Non-invasive assessment of superficial and deep layer circuits in human motor cortex.

Circuits in superficial and deep layers play distinct roles in cortical computation, but current methods to study them in humans are limited. Here, we developed a novel approach for non-invasive assessment of layer-specific activity in the human motor cortex. We first conducted brain slice and in vivo experiments on monkey motor cortex to investigate the output timing from layer 5 (including corticospinal neurons) following extracellular stimulation. Neuron responses contained cyclical waves. The first wave was composed of two parts: the earliest part originated only from stimulation of layer 5; after 0.6 ms, stimuli to superficial layers 2/3 could also contribute. In healthy humans we then assessed different parts of the first corticospinal volley elicited by transcranial magnetic stimulation (TMS), by interacting TMS with stimulation of the median nerve generating an H-reflex.
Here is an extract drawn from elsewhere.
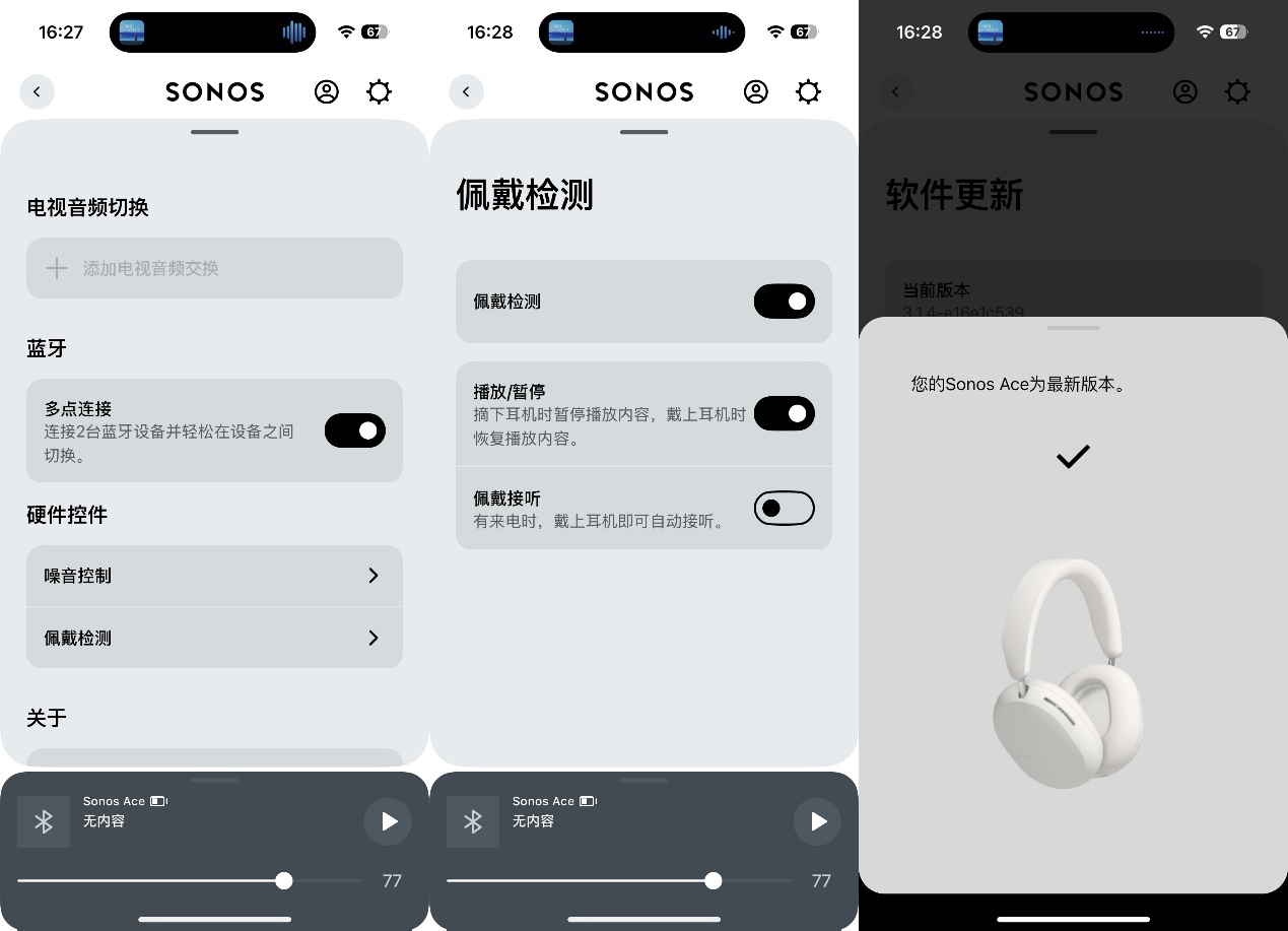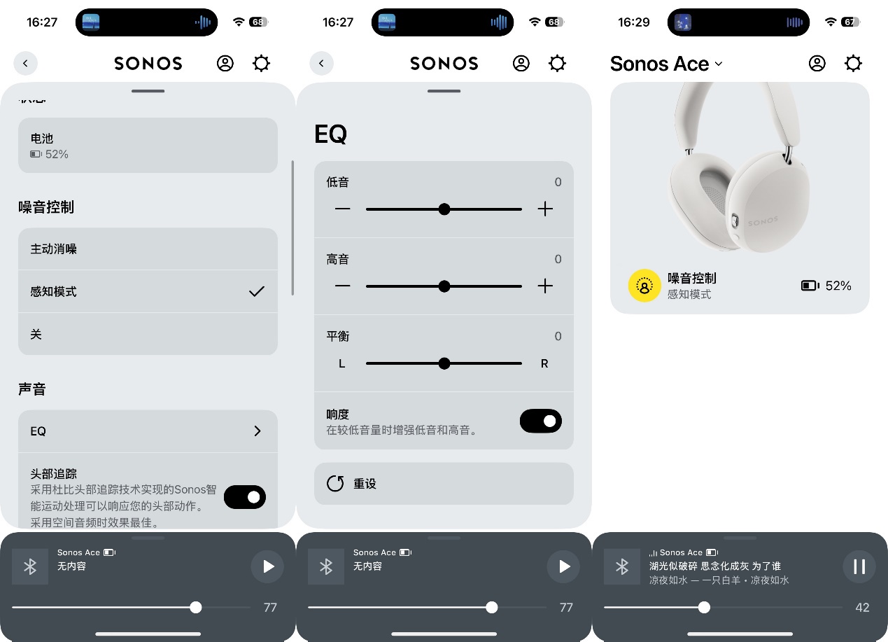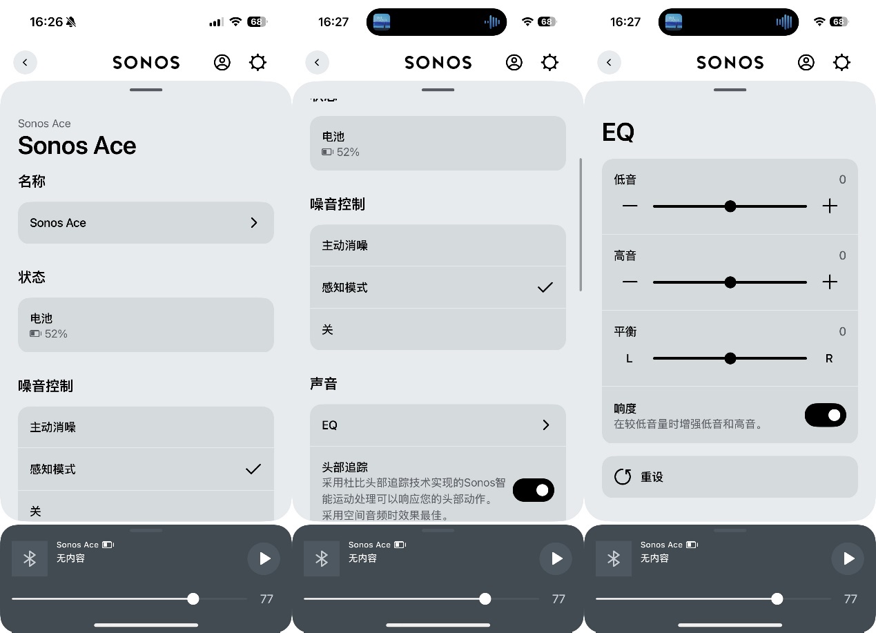 ▲下载Sonos app,打开后选择耳机,进行蓝牙连接,识别后会弹出耳机型号 ▲点击耳机图片,可以看到当前耳机电池剩余电量。Sonos Ace具备超长30小时续航,超过了AirPods Max的20小时和Bose QuietComfort Ultra的24小时;Sonos Ace支持3分钟即可获得3小时的电池续航的快速充电功能,超过了AirPods Max的5分钟1.5小时和Bose QuietComfort Ultra的15分钟2 小时。即便在紧急时刻也能快速充电保证使用 ▲噪音控制功能可以在主动降噪和感知模式之间切换,也可以关闭。可以按照自己喜好调整EQ,头部追逐功能可以在头部动作时及时响应,为用户带来忘记正在佩戴耳机的逼真聆听体验 ▲Sonos Ace还能够播放来自Apple Music、QQ音乐、网易云音乐、Tidal和Deezer的支持杜比全景声和索尼360临场音效的无损音频曲目和空间音频曲目 ▲对比市面上大多数蓝牙耳机只支持一个蓝牙设备,和只可手动播放暂定的现状,Sonos Ace内置佩戴检测功能,可自动暂定和播放,可同时连接两个设备无缝切换,在操作体验上无限接近苹果生态产品,是多苹果设备用户的好选择功能

By adjusting the delay between stimuli, we could assess the earliest volley evoked by TMS, and the part 0.6 ms later. Measurements were made while subjects performed a visuo-motor discrimination task, which has been previously shown in monkey to modulate superficial motor cortical cells selectively depending on task difficulty. We showed a similar selective modulation of the later part of the TMS volley, as expected if this part of the volley is sensitive to superficial cortical excitability. We conclude that it is possible to segregate different cortical circuits which may refer to different motor cortex layers in humans, by exploiting small time differences in the corticospinal volleys evoked by non-invasive stimulation.